Why would Bob so confidently expect this strategy? You write:
I guess the claim is just that them both using this procedure is a Nash equilibrium? If so, I see several problems with this:
There are more Pareto-efficient equilibria than just “[fairly] cooperate” here. Alice could just as well expect Bob to be content with getting expected utility 0.2 from the outcome where he slows down and Alice speeds up — better that than the utility 0 from extinction, after all. Alice might think she can make it credible to Bob that she won’t back down from speeding up capabilities, and vice versa, such that they both end up pursuing incompatible demands. (See, e.g., “miscoordination” here.)
You’re lumping “(a) slow down capabilities and (b) tell your AI to adopt a compromise utility function” into one procedure. I guess the idea is that, ideally, the winner of the race could have their AI check whether the loser was committed to do both (a) and (b). But realistically it seems implausible to me that Alice or Bob can commit to (b) before winning the race, i.e., that what they do in the time before they win the race determines whether they’ll do (b). They can certainly tell themselves they intend to do (b), but that’s cheap talk.

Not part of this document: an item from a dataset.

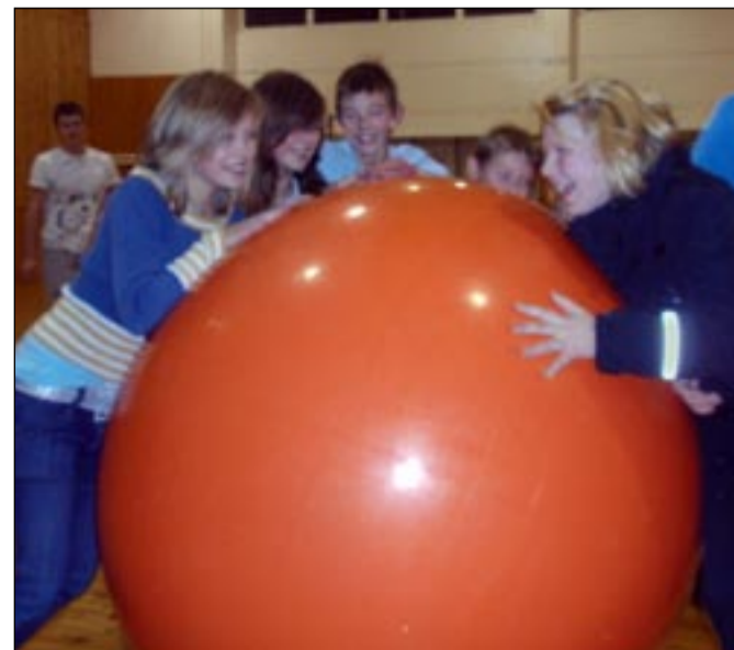
Üks meie valla noortele korraldatud üritus oli pushpallivõistlus Sõmerpalus.

Rahulikku jõuluaega ja ilusat uut aastat kõigile!

So it seems Alice would likely think, “If I follow the whole procedure, Bob will cooperate with my values if I lose. But even if I slow down (do (a)), I don’t know if my future self [or, maybe more realistically, the other successors who might take power] will do (b) — indeed once they’re in that position, they’ll have no incentive to do (b). So slowing down isn’t clearly better.” (I do think, setting aside the bargaining problem in (1), she has an incentive to try to make it more likely that her successors follow (b), to be clear.)